Section 5: Processor performance optimization
Goals
- Processor performance
- Loop unrolling
- Vectorization
- Caching
Introduction
This unit of the course, Storage, has performance optimization as a major concern. In this Section, we’ll investigate several performance optimization strategies that concern processor storage, including loop unrolling, vectorization, and cache management.
The memset
function is extraordinarily simple, but it highlights two
common sources of overhead in code: memory accesses and branch
predictions.
For memory accesses, we want to optimize for more cache accesses (which are faster) and fewer direct RAM accesses (which are slower).
For branch predictions, we want to optimize for a minimal amount of conditional branches, which can be relatively expensive to compute.
The memsets.c
file contains four valid memset
implementations;
which do you think will be the fastest, and under what conditions? (Note
that some of them have stronger preconditions than the library
memset
—for example, memset_unrolled
requires that n
, the
number of bytes, is a multiple of 8.)
Take a look at memset_basic
and make sure you understand its
implementation.
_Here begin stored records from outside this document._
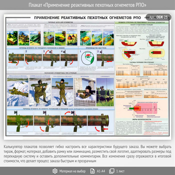 Плакат «Применение реактивных пехотных огнеметов РПО» (ОБЖ-23, 1 лист) в Ачинске купить
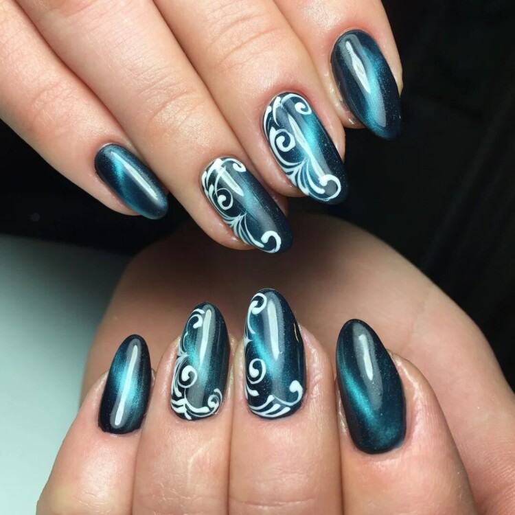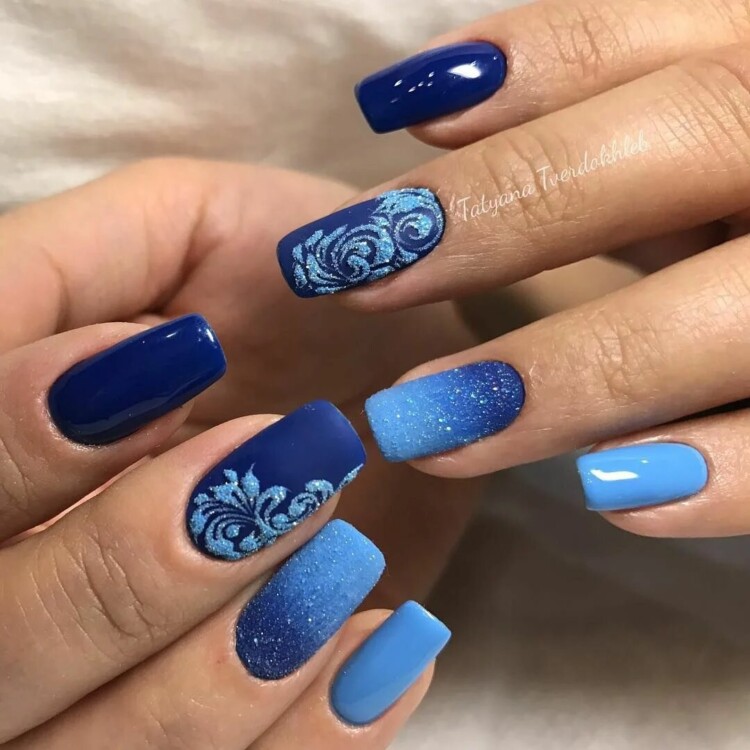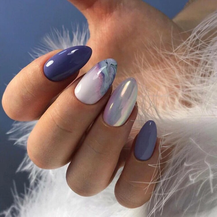 Для зимового сезону, може підібрати палітру холодних відтінків. Насичений синій колір сам по собі вже заворожує. Також можна використовувати ніжні пастельні відтінки блакитного або лавандового. Будь-який манікюр можна виконати в стилі мінімалізму. Декілька штрихів додадуть образу індивідуальності й неповторності.
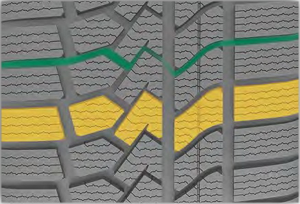 Внутренняя сторона оптимизированного асимметричного рисунка протектора включает в себя множество ламелей, которые способны эффективно прорезать водную пленку, тем самым увеличивая площадь контакта шины с обледеневшим и заснеженным дорожным полотном.
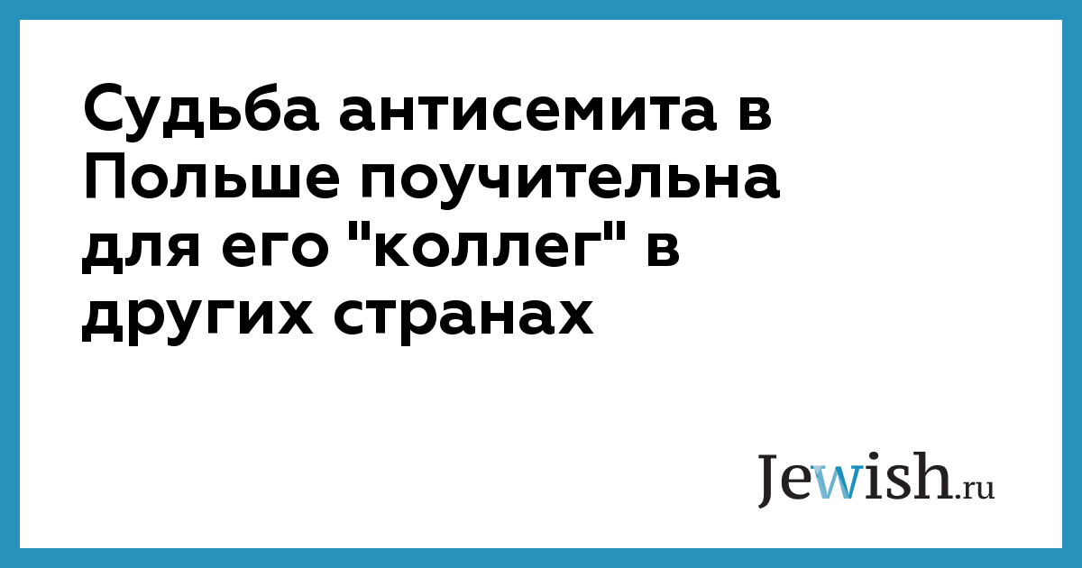 Судьба антисемита в Польше поучительна для его "коллег" в других странах

We will take a look at the others in the following
topics.
Loop unrolling
Recall that a loop is implemented by evaluating a conditional on each iteration, which incurs conditional branching overhead per iteration, and we have already asserted that this is quite expensive.
The memset_unrolled
variant uses an optimization technique called
loop unrolling to address this overhead by increasing the workload per
iteration to reduce the number of total iterations (and thus, the number
of conditionals evaluated).
Consider the for-loops in memset_basic
and memset_unrolled
:
for (; p < endp; ++p) {
*p = c;
}
for (; p < endp; p += 8) {
p[0] = c;
p[1] = c;
p[2] = c;
p[3] = c;
p[4] = c;
p[5] = c;
p[6] = c;
p[7] = c;
}
Can you spot the difference? In memset_basic
, we loop once per
element, while in memset_unrolled
, we loop once every 8 elements.
This means that memset_unrolled
has roughly
1/8 the number of conditional branches compared to
memset_basic
!
To formalize some more, loop unrolling refers to this method of reducing conditional branches in a loop by manually repeating an operation in the loop body. While loop unrolling alone will often yield some performance benefits, it is much more powerful when combined with vectorization.
Vectorization
The memset_wordwise
function uses an optimization called
vectorization. This can be thought of as a form of loop unrolling that
uses a single register to do multiple loops’ worth of work in one
instruction. Doing more work per instruction lets us reduce the number
of memory and/or computation instructions executed, while loop
unrolling reduces just the number of conditional branch instructions.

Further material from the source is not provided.